*** Block opens ***

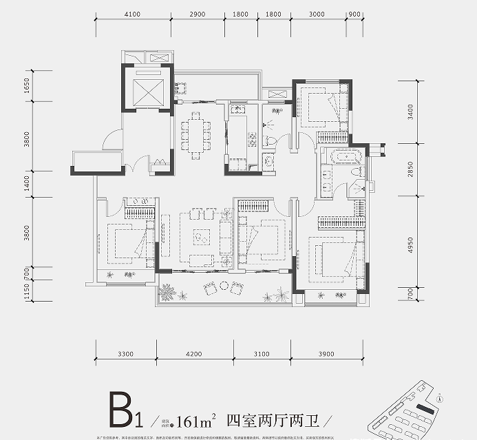 小高层户型:建面约161㎡
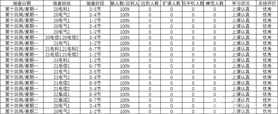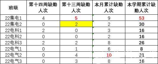 2022级上周早晚自习和补充十三周课堂缺勤情况如下:
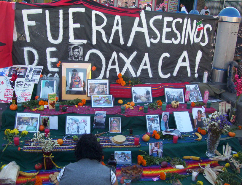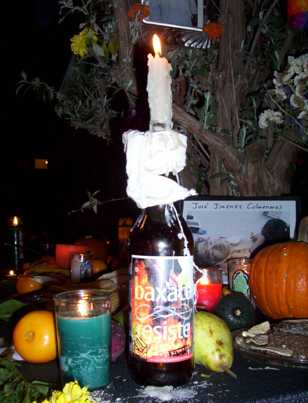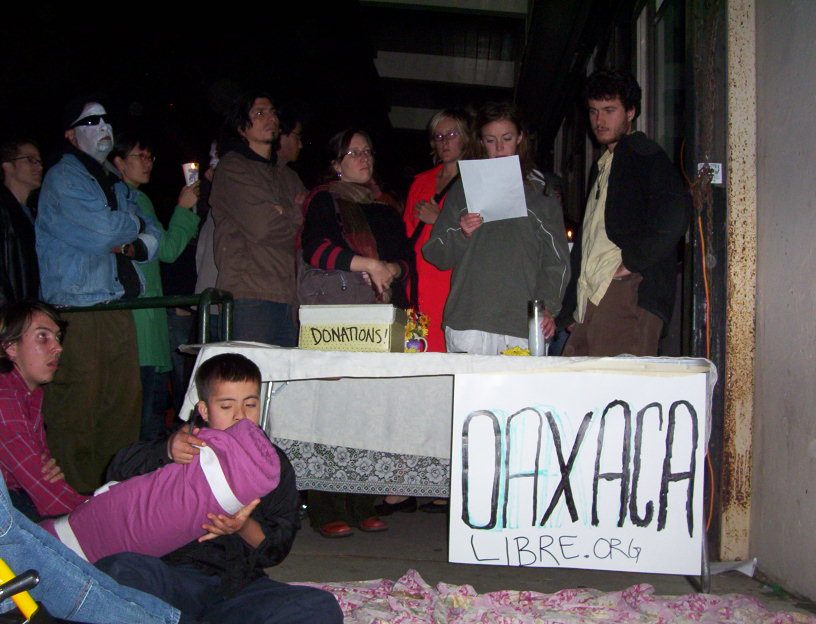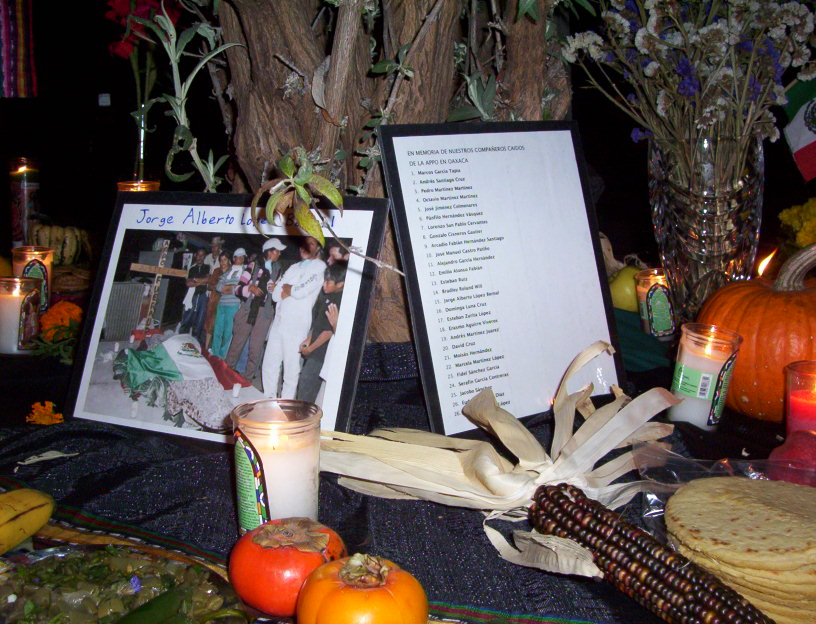 November 2nd is Day of the Dead in Mexican traditional culture. Altars are built to remember, sustain and communicate with dead friends and family members. Last year there was a huge popular uprising in Oaxaca to protest the government and fight for a better world. People formed the (Popular Assembly of the People of Oaxaca (APPO) and the Commune of Oaxaca (after they drove out the police) and held it for four months. It was beaten down with around 30 protesters killed and many wounded and jailed. One year later the struggle goes on but in a less dramatic form. We wanted to do what we could to support it.
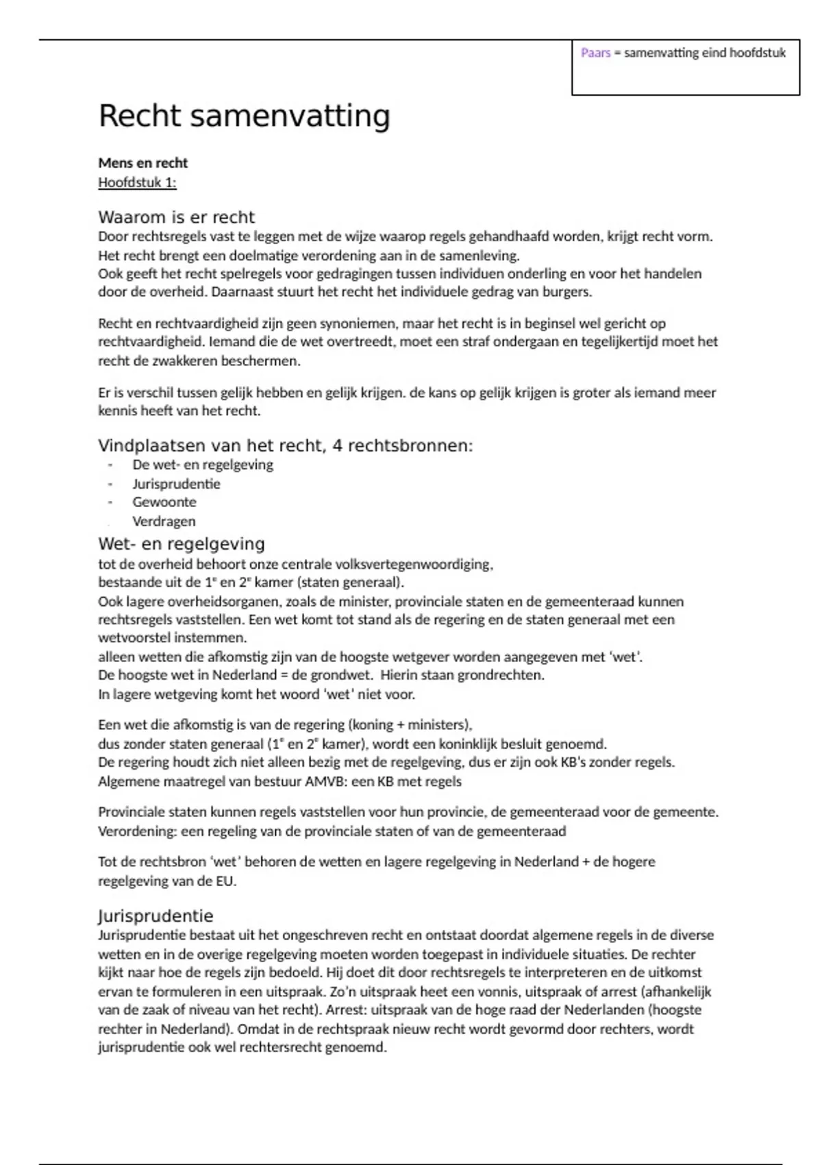 recht samenvatting

*** Block closes ***

Task directions
When you restate the listing above, give each line word for word but leave out every image.

Response area
 小高层户型:建面约161㎡
 2022级上周早晚自习和补充十三周课堂缺勤情况如下:
 November 2nd is Day of the Dead in Mexican traditional culture. Altars are built to remember, sustain and communicate with dead friends and family members. Last year there was a huge popular uprising in Oaxaca to protest the government and fight for a better world. People formed the (Popular Assembly of the People of Oaxaca (APPO) and the Commune of Oaxaca (after they drove out the police) and held it for four months. It was beaten down with around 30 protesters killed and many wounded and jailed. One year later the struggle goes on but in a less dramatic form. We wanted to do what we could to support it.
 recht samenvatting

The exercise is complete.